Infrastructure as a Service Turns Heads As Midmarket Cloud Ambitions Grow

As the business world quickly migrates to the cloud for technology applications and infrastructure, many middle-market organizations have been slow to adapt. Some are slightly apprehensive about the cloud, amid uncertainties about whether systems are a good fit and concerns about vulnerabilities and resources required. However, the reality is the cloud presents several key benefits, including increased agility, efficiency and security, typically with lower costs and less resource utilization.

The cloud is an avenue to develop a competitive advantage, and middle-market businesses can’t afford to lag behind. Infrastructure as a Service (IaaS) solutions are ideal to enhance operations without the burden of buying, managing and maintaining equipment.

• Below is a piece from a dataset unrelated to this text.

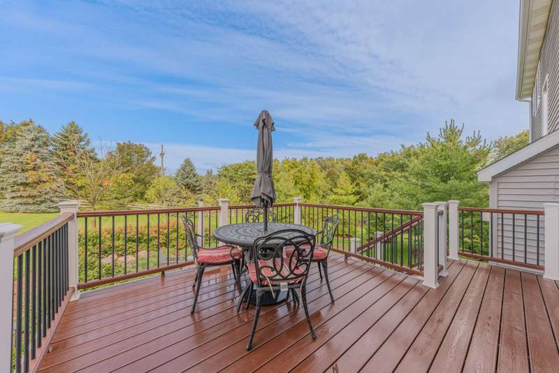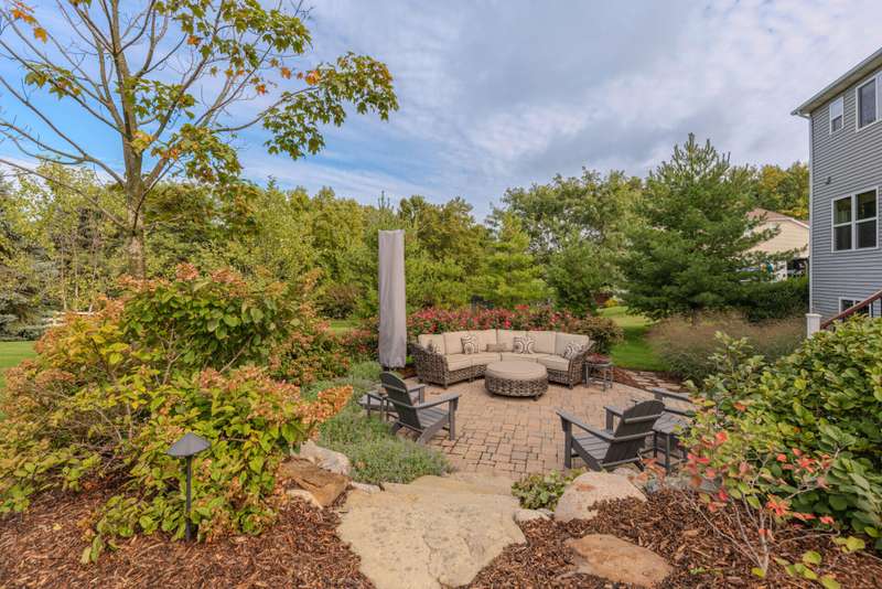 From the moment that you enter off the charming, covered front porch it is apparant at every turn that this original homeowner meticulously loved and maintained this 4 Bed/ 3 1/2 Bath contemporary colonial in highly desirable Saline Estates! Bright and open, this meticulous home has a great flow and showcases a two story foyer with large picture window, recently refinished maple hardwood flooring throughout most of the entire 1st floor, a formal dining room,and a front flex room with large window (currently being used as a 2nd home office). You will love the contemporary architectural vibe of the great room with its floor-to-ceiling stone fireplace, the rod iron stairway that wraps around to the loft, and the multiple windows looking out the the private and well landscaped backyard. The gourmet kitchen has custom maple cabinetry, tile backsplash, granite countertops, a large walk-in pantry, double ovens, and is great for family life and entertaining as it both opens to the great room and has a door off of the breakfast nook leading out to the maintenance free Trex deck with steps leading down to a landscape enclosed brick paver patio and outdoor living space. Other main floor amenities include a half bath, laundry/mud room with tile floor and cabinetry, and whole house audio system. This home's ample natural lighting continues upstairs with the impressive view of the main floor living area and the added living space of a loft/reading nook. French doors open to the primary bedroom with vaulted ceiling, large windows, a walk in closet, and private bath with tile flooring, dual sinks, granite countertop, spa tub, and large shower with floor to ceiling tile and glass Euro door. The second and third nicely sized bedrooms share a Jack and Jill bathroom, and the 4th bedroom is even larger and has a full bathroom! The unfinished lower level is plumbed for a future bathroom and has two egress windows. Now...the landscaping and hardscape...WOW!!! From the beautiful stone walkway with decorative stonework to the stone steps leading down to the private, paver patio that is surrounded by mature and manicured bushes, perrenial flowers and trees--no expense was spared! The location of Saline Estates can't be matched--you are minutes from Downtown Saline and Ann Arbor, it is a short walk to shopping, restaurants and a coffee shop, low Pittsfield township taxes and award winning Saline schools. This lovingly maintained home will not disappoint!

IaaS is inherently flexible and can be leveraged from an incremental standpoint to build a custom solution that introduces an organization to the cloud or a comprehensive cloud platform.

In its 2013 Public Cloud Services Forecast Overview, Gartner projected a 17.7 percent growth rate for public cloud services through 2016, with IaaS experiencing explosive growth at a 41.3 percent rate over the same time period.[1] The reasons for this projected growth are numerous.

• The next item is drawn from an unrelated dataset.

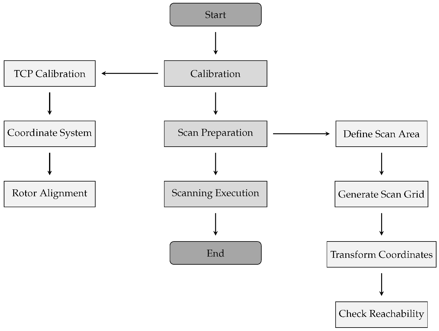 - TCP and coordinate calibration: Offsets and geometric misalignments are corrected using CAD-derived models of the rotor and stator. A transformation matrix aligns their poses within the robot’s base coordinate frame.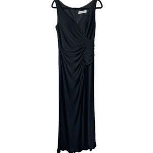 Ieena For Mac Duggal Black Ruched V-Neck Jersey Gown Size 8 $298

When organizations think about moving to the cloud, many envision starting over; however, a key reason IaaS is attractive is that it can be an extension of an existing technology environment. Technology implementations are daunting, but IaaS can connect with existing systems and work together to create a more efficient and effective platform.

For example, when an organization upgrades their financial accounting or enterprise resource planning (ERP) system, requirements may not align with existing data center capabilities. Traditionally, organizations make significant capital investments to buy more servers and storage and attempt to forecast needs years into the future to avoid repeating the process prematurely. With IaaS, organizations don’t need to be concerned with future usage and requirements, only current needs, as additional capabilities can be added simply without rebuilding or forklifting the solution.

Companies only pay for the resources they need, and additional servers, storage or memory can be added very quickly, potentially the same day. As the business grows, more resources can be acquired on an as-needed basis, instead of paying for them years in advance with a traditional on-premise solution.

Organizations worry about a transition period when moving to the cloud, but usage and support are very similar to on-premise solutions. End users should not notice any difference in how they use systems, other than improved availability and performance. IaaS is much more than just a server component, with available add-ons, including storage, backup, disaster recovery, voice communication and firewalls, each as service options. IaaS provides capabilities that have been traditionally out of reach to most companies due to complexity or cost, including fully redundant power and Internet, and advanced monitoring, management and security.

IaaS is an agile platform, allowing organizations to become more efficient by increasing or decreasing resources much faster than on-premise solutions. Systems can be adjusted in minutes as opposed to days in situations such as increased seasonal demand or staffing changes. Additionally, organizational requirements may go beyond just actual storage space, to storage performance. With an on-premise investment, upgrading performance may be daunting, but in a service model, storage can be added and performance adjusted nearly on demand.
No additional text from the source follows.